------ Data listing
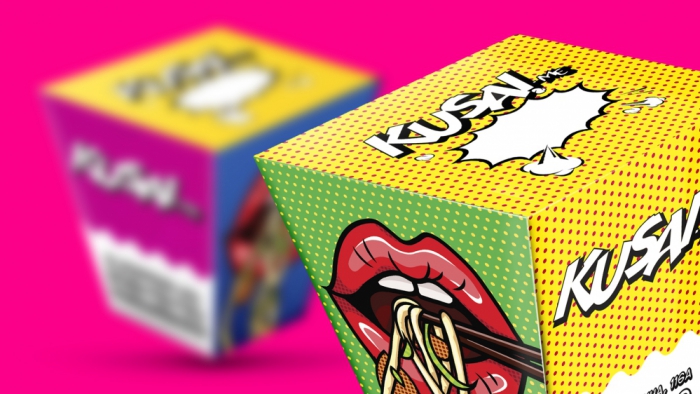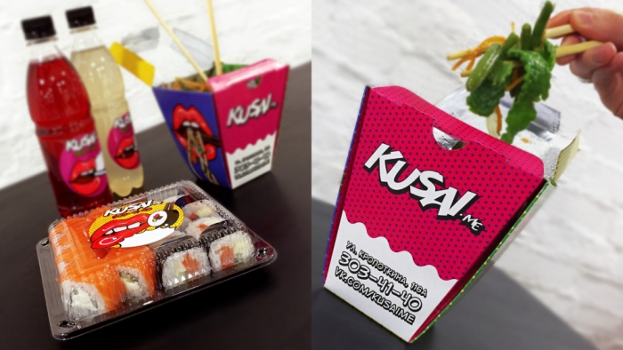 Название «Kusai.me» было решено подкрепить оригинальным фирменным стилем с элементами поп-арта. Использование этой стилистики характеризует бренд, как современный, позитивный, ориентирующийся на веселье, эстетику и удовольствие, считают в агентстве. Сочные иллюстрации делают элементы фирменного стиля аппетитными без использования прямолинейного изображения блюд или классической азиатской символики.
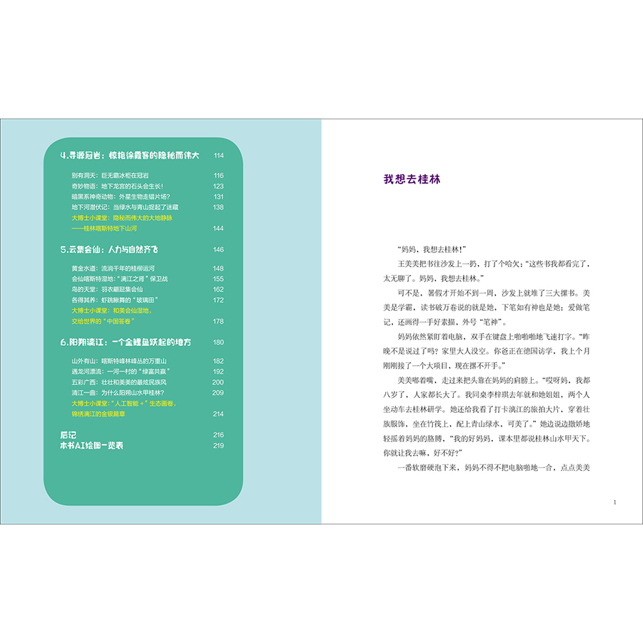 .视觉化叙事,打造沉浸式阅读:大量精美的插图、示意图、人物对话与板块设计,将复杂的科学过程可视化,仿佛将桂林山水与科学奥秘一同搬到了读者眼前,成就了一本可以;边走边读的视觉盛宴。
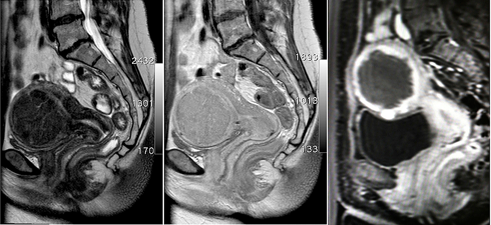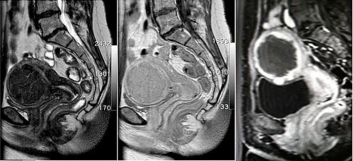 MR-Bilder vor (linkes und mittleres Bild) zeigt ein großes Gebärmuttermyom. Unmittelbar nach der MR-gesteuerten HIFU-Behandlung (rechtes Bild) ist das Myom zentral nicht mehr durchblutet (dunkel dargestellt)
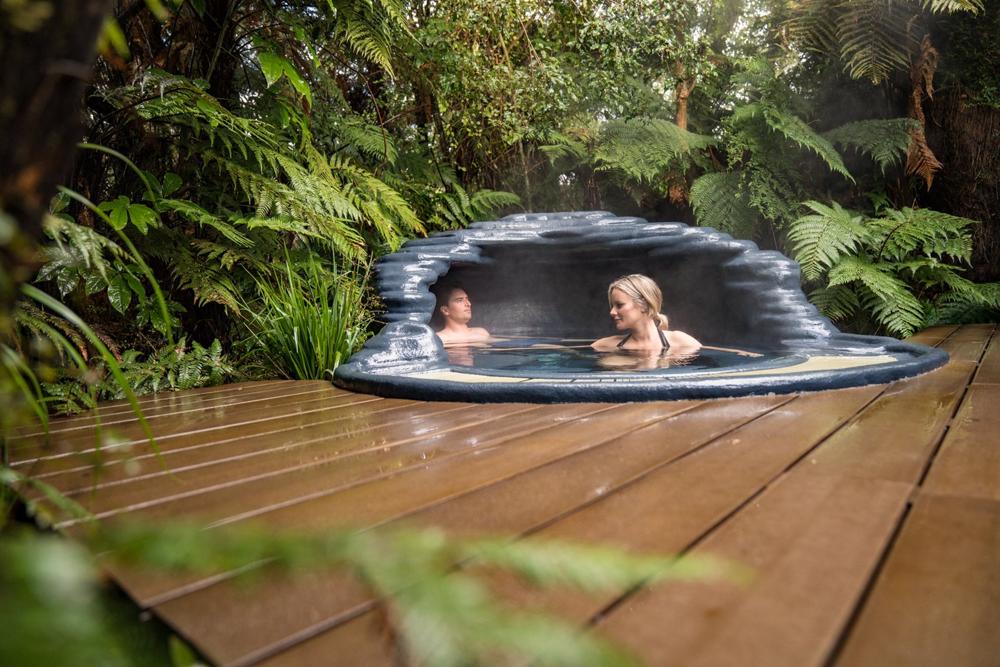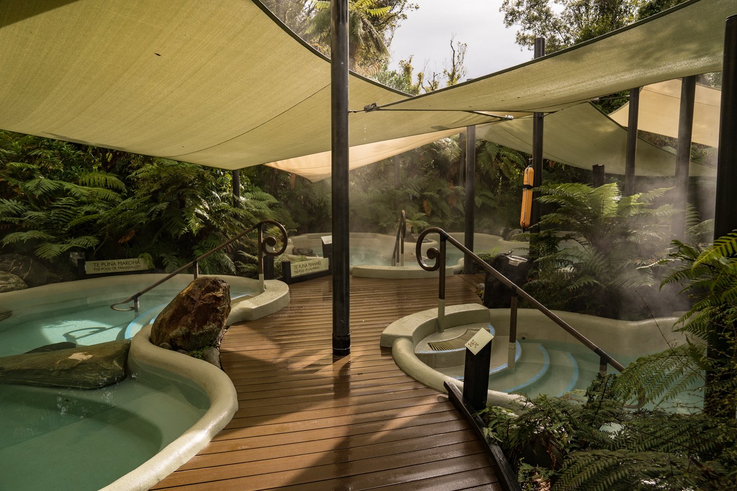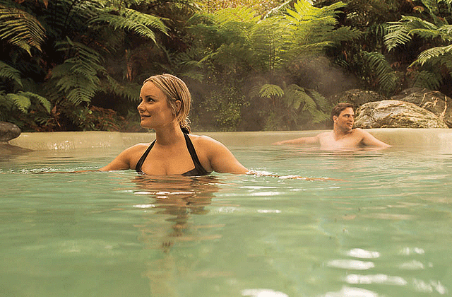 초록색 가득한 열대 우림의 한 가운데에서 온천욕을 즐겨보세요.
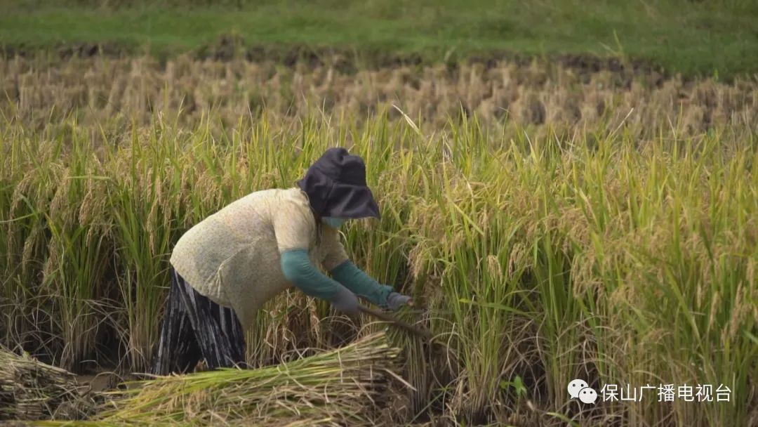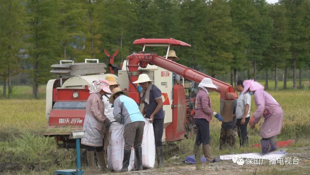 秋天的田野里,到处都是忙碌的身影,一台台小型收割机在稻田里来回作业,割稻、脱粒、装袋一气呵成。田园镇勐廷社区村民马芬今年种了1.4亩水稻,请了一台收割机来帮助收粮,仅仅40分钟就完成了收割,省时省工又省力。
------------
Work instructions » Please write out every entry exactly, but skip the pictures.

Answer area »
 Название «Kusai.me» было решено подкрепить оригинальным фирменным стилем с элементами поп-арта. Использование этой стилистики характеризует бренд, как современный, позитивный, ориентирующийся на веселье, эстетику и удовольствие, считают в агентстве. Сочные иллюстрации делают элементы фирменного стиля аппетитными без использования прямолинейного изображения блюд или классической азиатской символики.
 .视觉化叙事,打造沉浸式阅读:大量精美的插图、示意图、人物对话与板块设计,将复杂的科学过程可视化,仿佛将桂林山水与科学奥秘一同搬到了读者眼前,成就了一本可以;边走边读的视觉盛宴。
 MR-Bilder vor (linkes und mittleres Bild) zeigt ein großes Gebärmuttermyom. Unmittelbar nach der MR-gesteuerten HIFU-Behandlung (rechtes Bild) ist das Myom zentral nicht mehr durchblutet (dunkel dargestellt)
 초록색 가득한 열대 우림의 한 가운데에서 온천욕을 즐겨보세요.
 秋天的田野里,到处都是忙碌的身影,一台台小型收割机在稻田里来回作业,割稻、脱粒、装袋一气呵成。田园镇勐廷社区村民马芬今年种了1.4亩水稻,请了一台收割机来帮助收粮,仅仅40分钟就完成了收割,省时省工又省力。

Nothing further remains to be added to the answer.